[DATA SHOWN]

========================

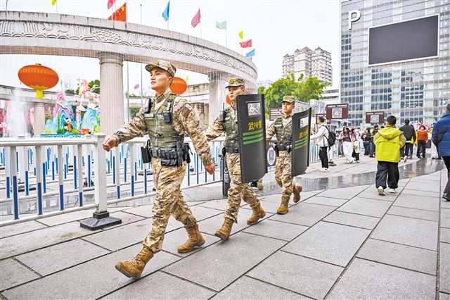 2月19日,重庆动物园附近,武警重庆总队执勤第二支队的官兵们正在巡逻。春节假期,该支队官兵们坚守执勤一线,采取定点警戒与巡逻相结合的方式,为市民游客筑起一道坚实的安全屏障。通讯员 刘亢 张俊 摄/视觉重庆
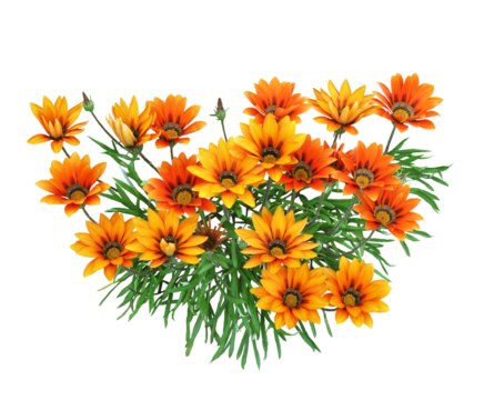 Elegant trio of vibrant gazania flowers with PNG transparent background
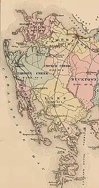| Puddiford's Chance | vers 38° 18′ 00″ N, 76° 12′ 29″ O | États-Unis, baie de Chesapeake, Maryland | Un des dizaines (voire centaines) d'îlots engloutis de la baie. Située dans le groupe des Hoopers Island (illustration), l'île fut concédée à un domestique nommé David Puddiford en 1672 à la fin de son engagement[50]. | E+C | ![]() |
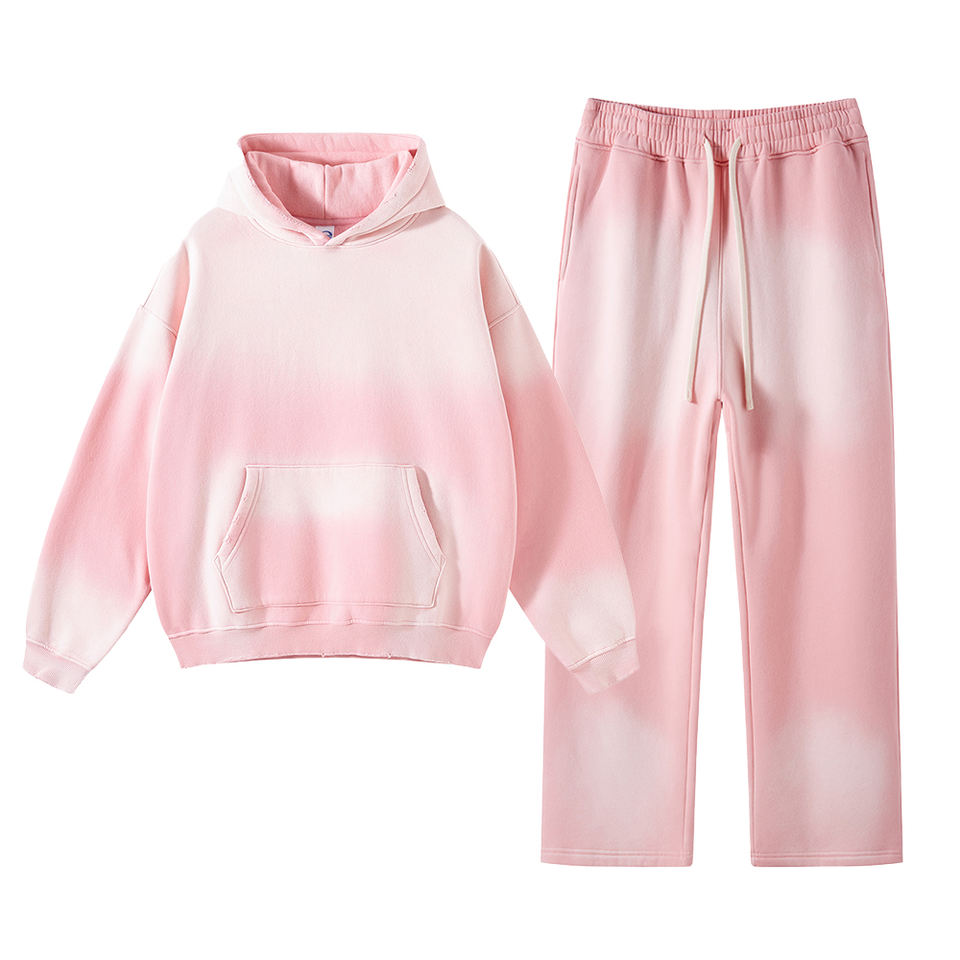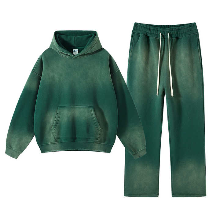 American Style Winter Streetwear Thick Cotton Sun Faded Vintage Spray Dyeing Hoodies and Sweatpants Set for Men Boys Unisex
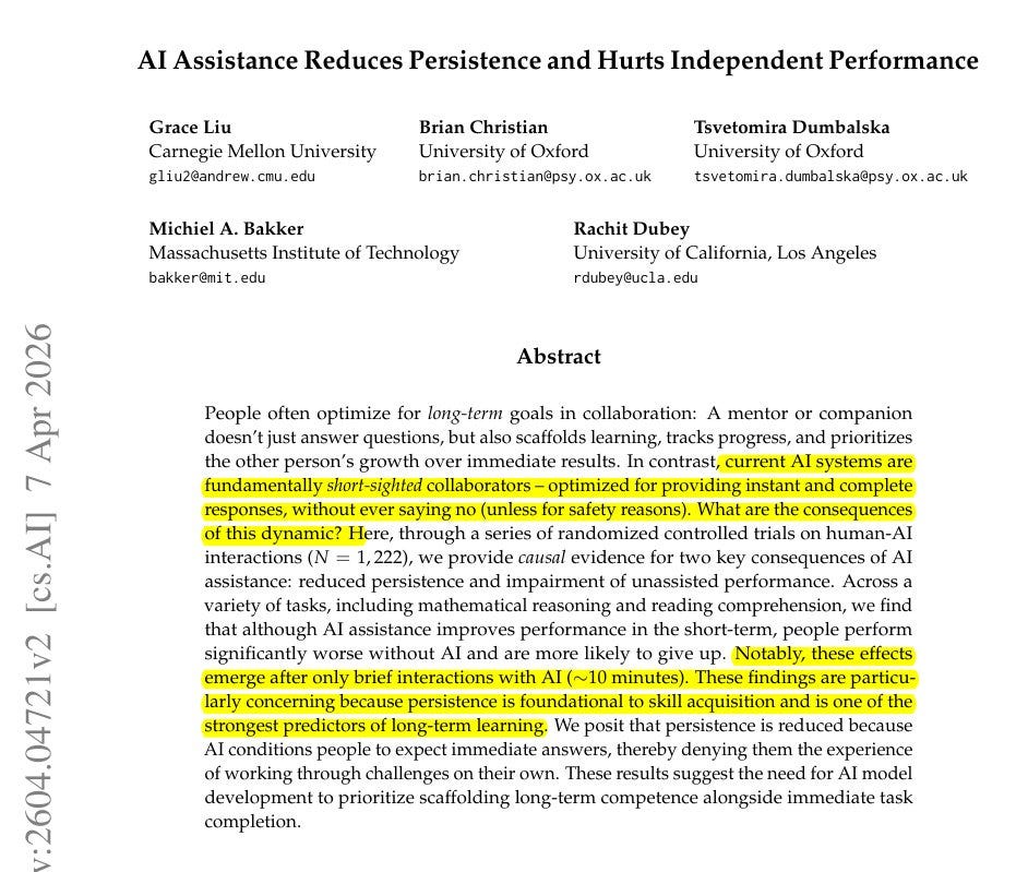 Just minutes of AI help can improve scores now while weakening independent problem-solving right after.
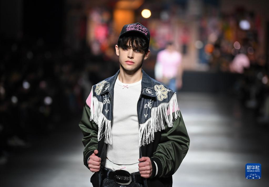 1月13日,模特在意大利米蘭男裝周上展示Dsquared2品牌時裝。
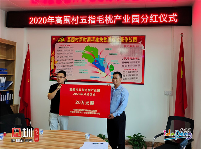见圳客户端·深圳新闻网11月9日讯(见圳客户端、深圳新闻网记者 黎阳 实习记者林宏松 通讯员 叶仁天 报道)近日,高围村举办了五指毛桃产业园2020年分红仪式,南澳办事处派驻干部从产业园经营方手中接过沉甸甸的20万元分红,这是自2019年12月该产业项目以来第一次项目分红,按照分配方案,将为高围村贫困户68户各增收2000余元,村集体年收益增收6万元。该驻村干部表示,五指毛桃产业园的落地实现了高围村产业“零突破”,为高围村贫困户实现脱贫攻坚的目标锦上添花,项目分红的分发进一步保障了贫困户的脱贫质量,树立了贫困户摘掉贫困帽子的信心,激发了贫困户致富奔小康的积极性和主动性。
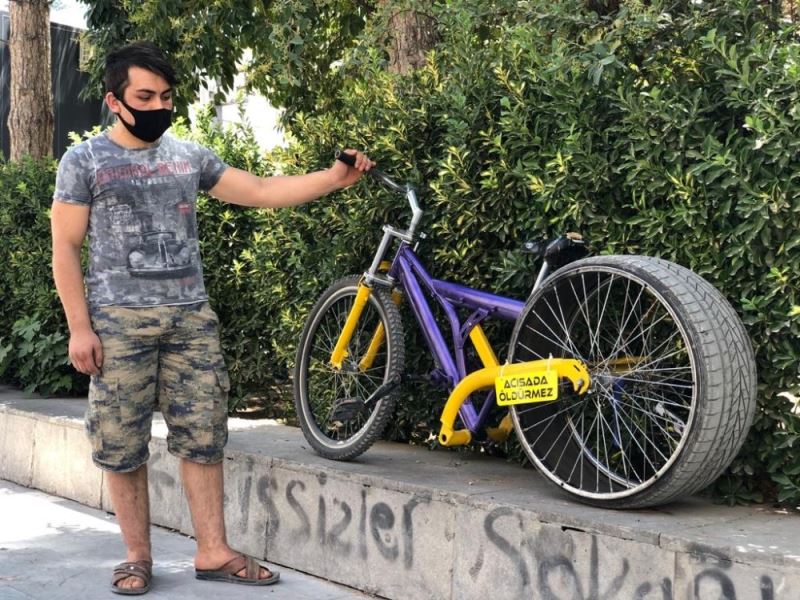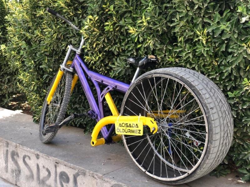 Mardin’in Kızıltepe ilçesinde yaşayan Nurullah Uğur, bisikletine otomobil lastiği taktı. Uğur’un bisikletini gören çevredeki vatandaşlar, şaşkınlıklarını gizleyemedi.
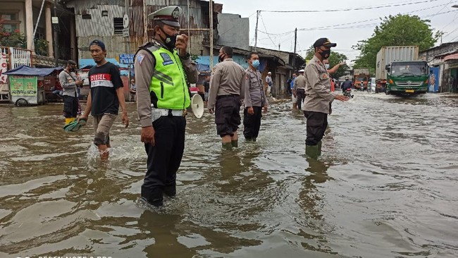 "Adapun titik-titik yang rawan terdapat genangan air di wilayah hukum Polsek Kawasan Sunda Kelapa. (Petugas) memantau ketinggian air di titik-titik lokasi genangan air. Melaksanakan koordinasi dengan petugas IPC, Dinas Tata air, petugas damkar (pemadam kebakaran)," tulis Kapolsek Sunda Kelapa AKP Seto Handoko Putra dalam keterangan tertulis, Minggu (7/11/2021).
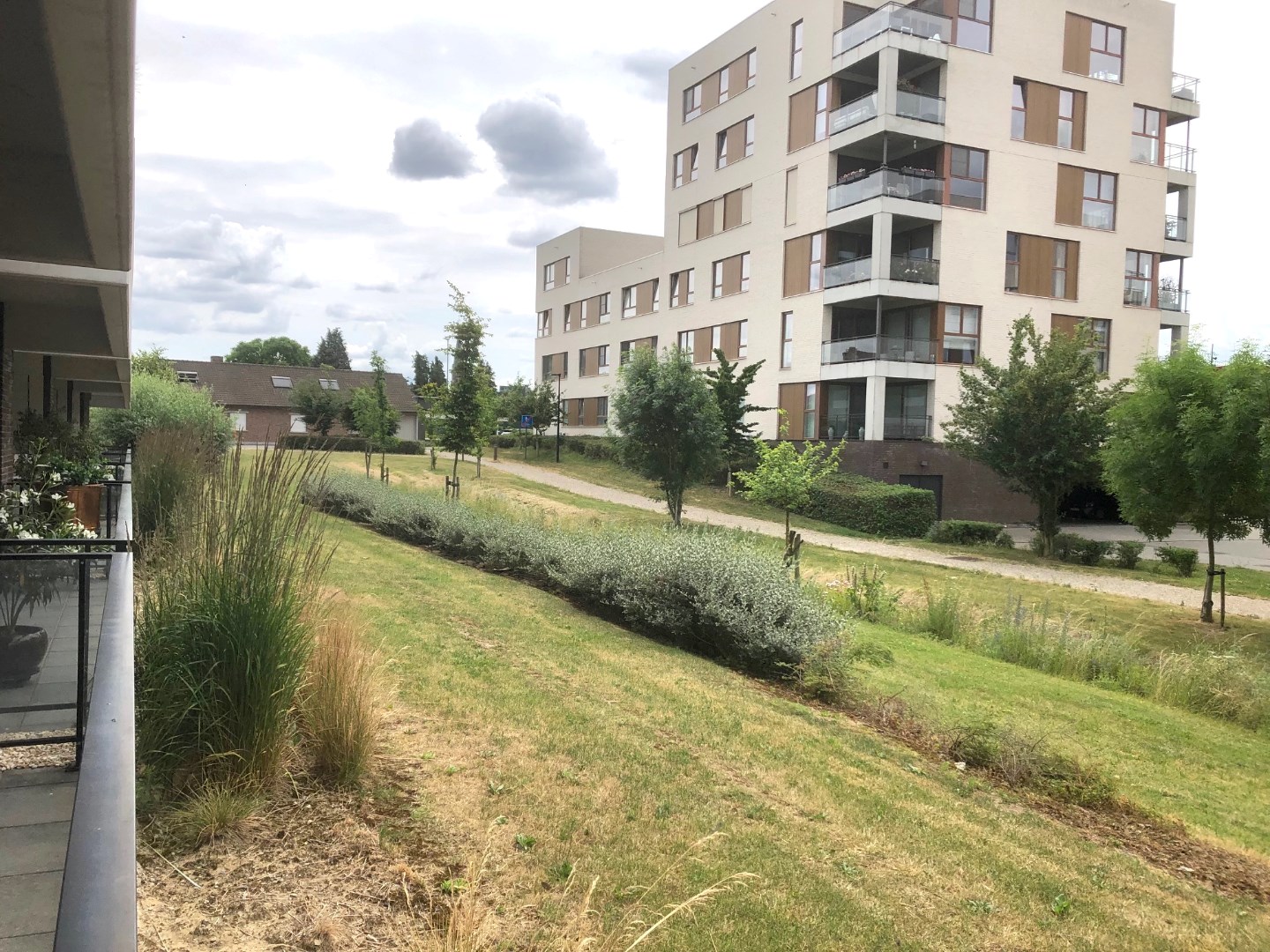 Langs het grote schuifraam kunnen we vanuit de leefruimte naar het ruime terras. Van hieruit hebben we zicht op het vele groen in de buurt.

========================

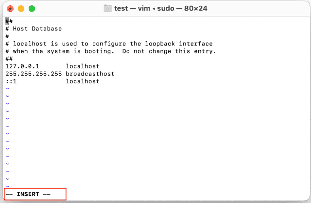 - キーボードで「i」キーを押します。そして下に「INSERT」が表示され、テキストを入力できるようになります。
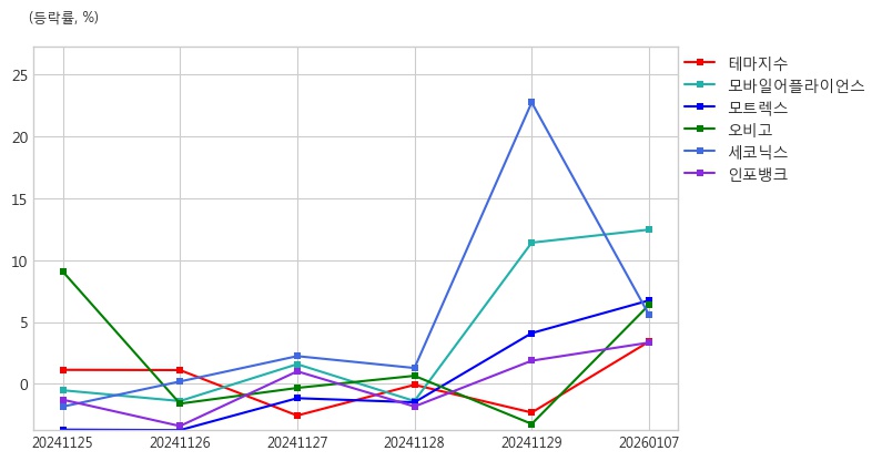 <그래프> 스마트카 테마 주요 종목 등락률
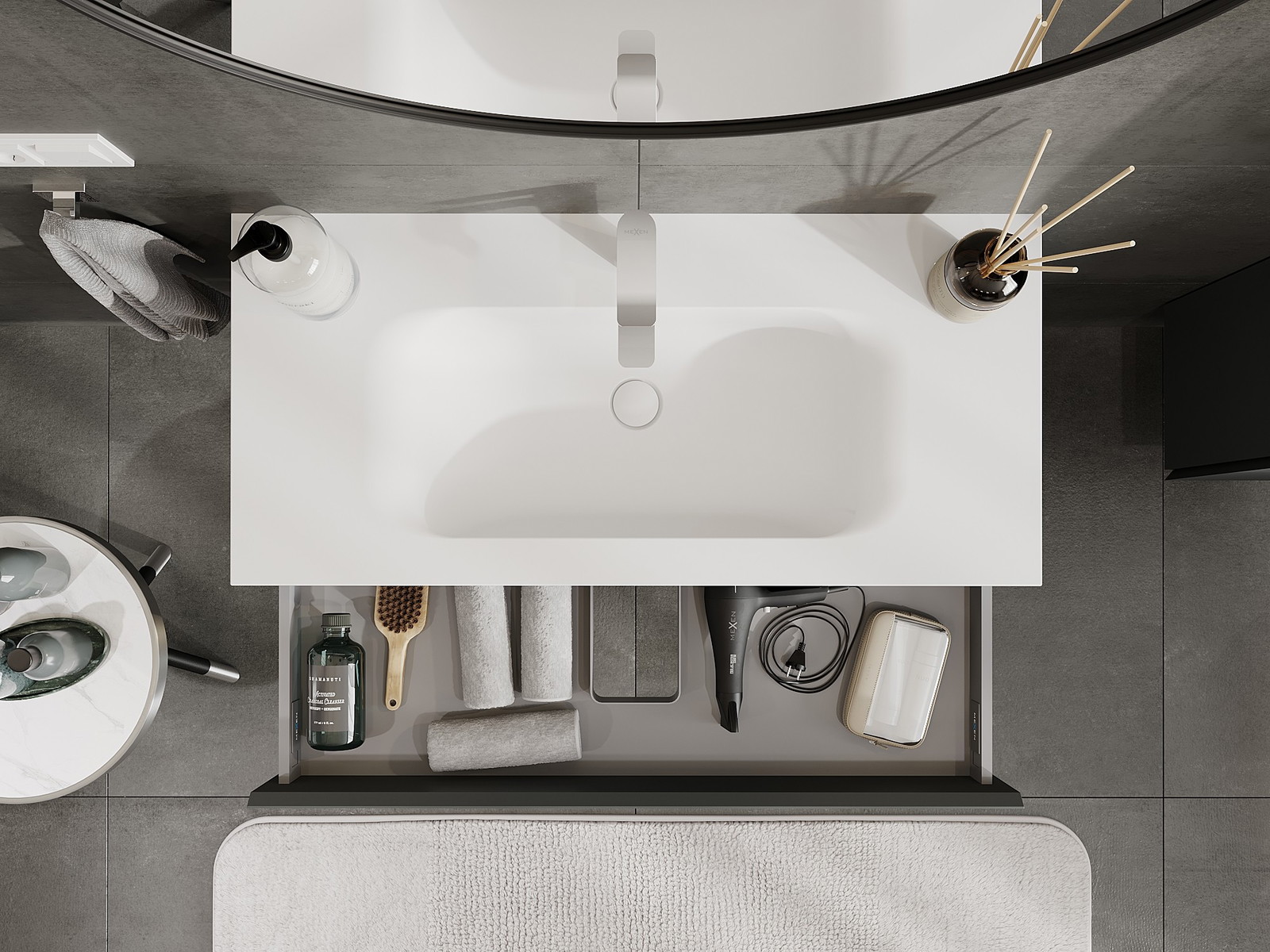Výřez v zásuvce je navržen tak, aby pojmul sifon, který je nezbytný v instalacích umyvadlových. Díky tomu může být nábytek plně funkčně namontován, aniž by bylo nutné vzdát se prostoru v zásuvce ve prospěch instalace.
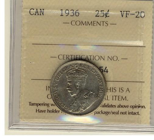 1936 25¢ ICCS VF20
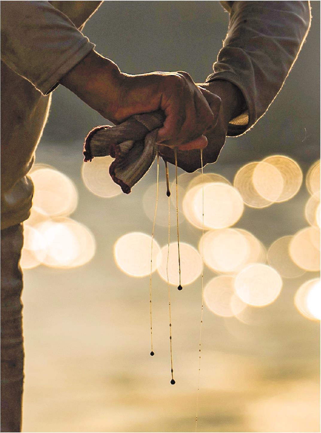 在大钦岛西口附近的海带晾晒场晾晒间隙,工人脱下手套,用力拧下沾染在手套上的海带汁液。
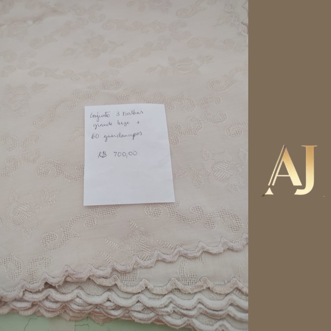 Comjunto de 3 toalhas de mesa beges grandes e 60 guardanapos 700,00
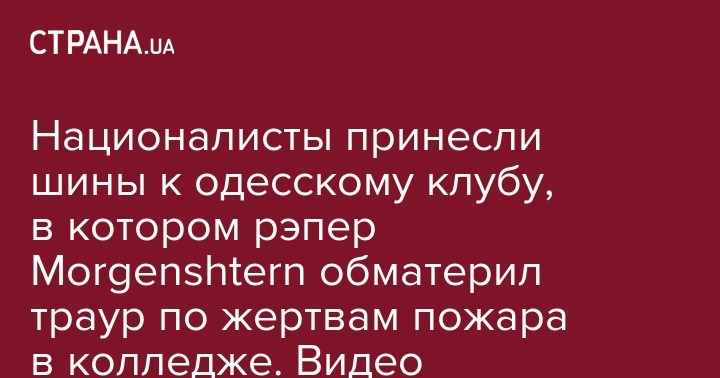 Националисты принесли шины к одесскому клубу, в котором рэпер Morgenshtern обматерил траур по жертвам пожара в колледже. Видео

========================

Reproduce the listing above exactly from the line containing "见圳客户端·深圳新闻网11月9日讯(见圳客户端、深圳新闻网记者 黎阳 实习记者林宏松" up to and including the line containing "Mardin’in Kızıltepe ilçesinde", omitting any images and everything outside those lines.

[ANSWER AREA]
见圳客户端·深圳新闻网11月9日讯(见圳客户端、深圳新闻网记者 黎阳 实习记者林宏松 通讯员 叶仁天 报道)近日,高围村举办了五指毛桃产业园2020年分红仪式,南澳办事处派驻干部从产业园经营方手中接过沉甸甸的20万元分红,这是自2019年12月该产业项目以来第一次项目分红,按照分配方案,将为高围村贫困户68户各增收2000余元,村集体年收益增收6万元。该驻村干部表示,五指毛桃产业园的落地实现了高围村产业“零突破”,为高围村贫困户实现脱贫攻坚的目标锦上添花,项目分红的分发进一步保障了贫困户的脱贫质量,树立了贫困户摘掉贫困帽子的信心,激发了贫困户致富奔小康的积极性和主动性。
 Mardin’in Kızıltepe ilçesinde yaşayan Nurullah Uğur, bisikletine otomobil lastiği taktı. Uğur’un bisikletini gören çevredeki vatandaşlar, şaşkınlıklarını gizleyemedi.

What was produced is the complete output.